Last modified: Sep 11, 2023 By Alexander Williams

Scrapy css() - Find By Class Selector

In this guide, we'll learn how to use Scrapy's css() method to find elements by class. Follow this guide if you haven't set up your Scrapy project yet.

What is css() method

In Scrapy, the css() method is used for parsing and selecting elements from HTML or XML documents based on CSS selectors.

Here is the syntax of css() method:

.css('your_css_selector')

.class_name: Replace 'class_name' with the specific class name you want to target.

How to find elements by class selector

In the following example, we'll use the css() method to find all the article titles on pytutorial.com home page.

This is the structure of the article's HTML:

<h2 class="post-title"><a href="/how-to-install-and-setup-scrapy">How to Install and Setup Scrapy</a></h2>

Now, by using the .post-title a css selector, let's  write a Scrapy spider that find and retrieve the titles of all the articles:

import scrapy

class MySpider(scrapy.Spider):
    name = 'myspider'  # Unique name for your spider
    start_urls = ['http://pytutorial.com']  # Starting URL for web scraping

    def parse(self, response):
        # Use CSS selector to select all elements with class "post-title" inside <a> tags
        articles = response.css('.post-title a')

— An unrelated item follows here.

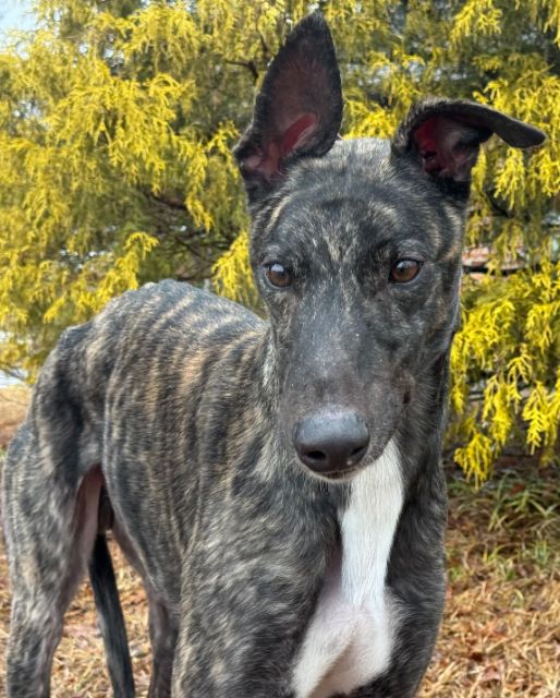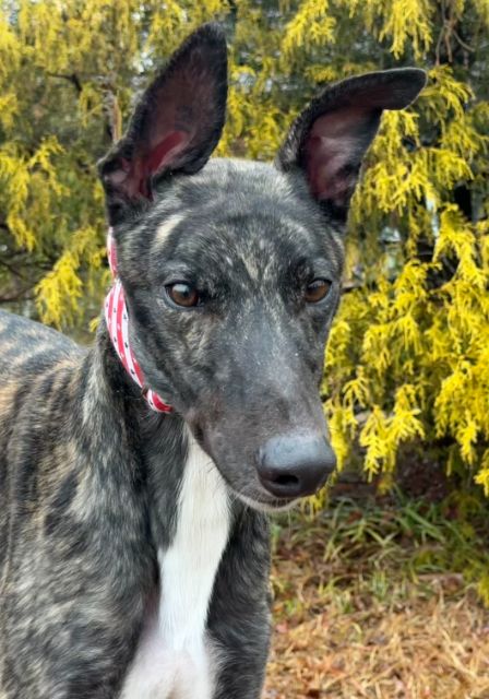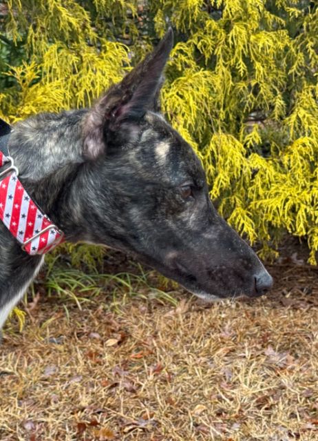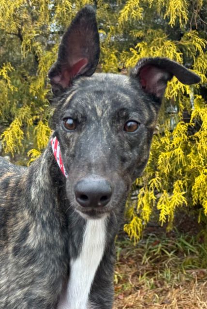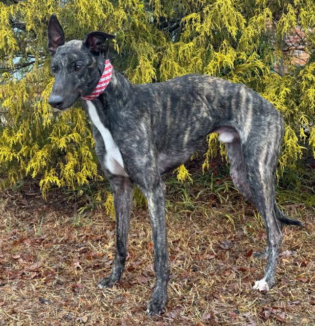 Toast just arrived from Tri State Race Track in WV, where he raced 83 races. He was a good racer getting up to the top AA level, winning 11 races and placing in a lot more. Toast is a mid sized male, racing at 73lbs. His DOB is 8/31/22, so he won't turn 4 until the end of July. Toast's sire is the famous Highly Classified and his dam is ABS Almighty. He was very interested in the cat at first, but after a slap from the cat, didn't even want to get near it or look at it again. We think he may be trainable and should be able to live with a confident cat, that would put him in his place. Toast was good with the small dog he met. He is an extremely confident guy, that loves people and wanted to help drive on the trip to SC. He can be pushy about getting what he wants. He was bossy with the other dogs on the trip down and seems like a natural leader of the pack. He liked the kids he met, but he does like to give hugs, so could easily knock over a small child. He is doing great in his foster home and doesn't seem to be stressed. He reacts with curiosity to everything and is fearful of nothing so far. Toast is a lot of happy dog. |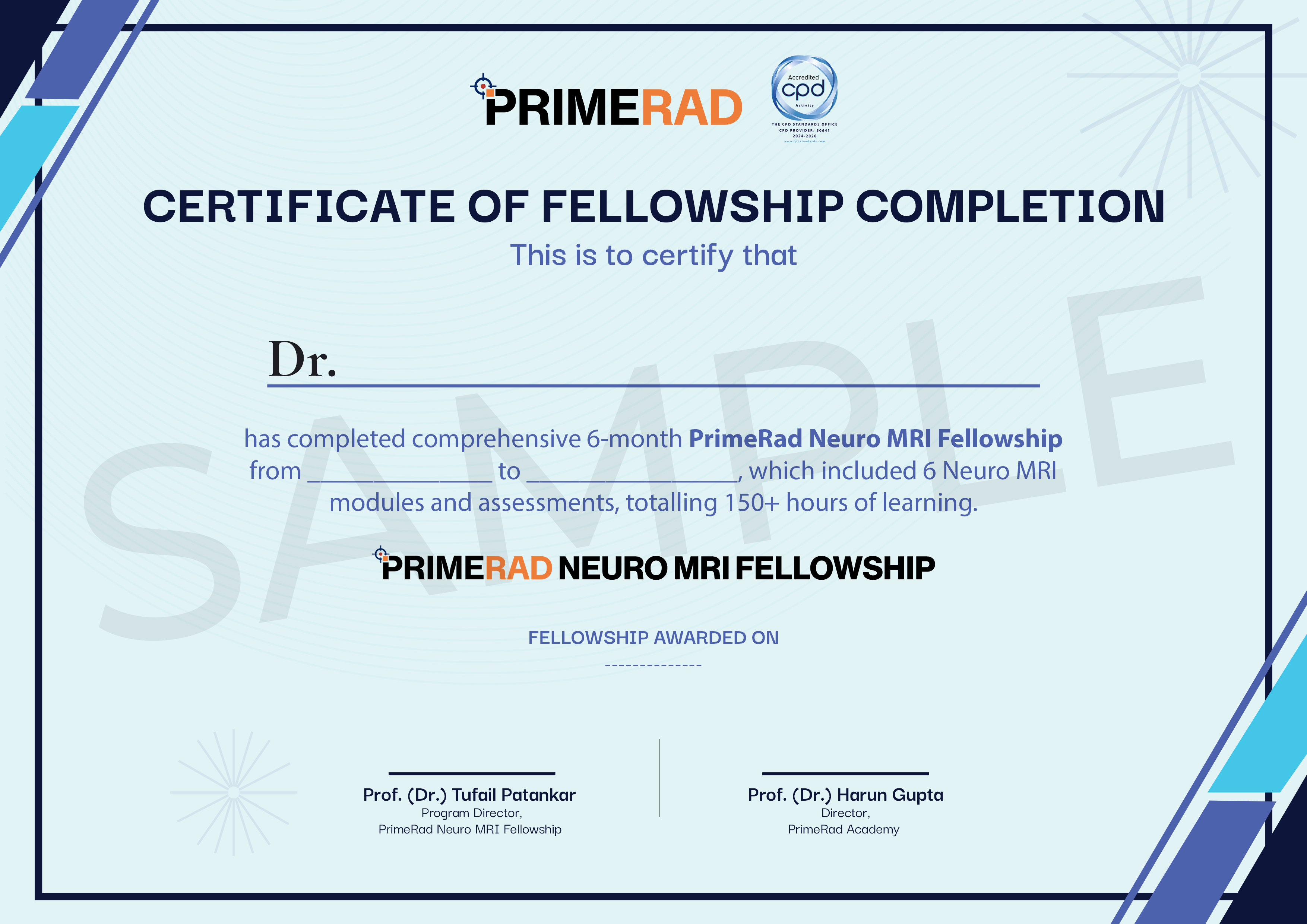 The PrimeRad Neuro MRI Fellowship is currently undergoing a thorough assessment and is on the path to being officially accredited by the CPD Standards Office, UK.

        for article in articles:
            # Extract text from each selected <a> tag
            content_text = article.css('::text').get()
            
            # Print or yield the extracted data as needed
            yield {'title': content_text}  # Yield the extracted title

Now let's run our Scrapy crawl by using this command:

scrapy crawl myspider -O data.json

The result will be written in data.json:

[
{"title": "How to Install and Setup Scrapy"},
{"title": "How to Append Multiple Items to List in Python"},
{"title": "How to Use BeautifulSoup clear() Method"},
{"title": "Python: Add Variable to String & Print Using 4 Methods"},
{"title": "How to Use Beautifulsoup  select_one() Method"},
{"title": "How To Solve ModuleNotFoundError: No module named in Python"},
{"title": "Beautifulsoup Get All Links"},
{"title": "Beautifulsoup image alt Attribute"},
{"title": "How to Get href of Element using BeautifulSoup [Easily]"},
{"title": "Understand How to Use Beautifulsoup find_all() Function"}
]

As you can see, all of the article titles have been extracted.

Conclusion

Scrapy makes it easy to select and extract elements on a web page that have specific CSS classes. This allows you to retrieve the data you need efficiently.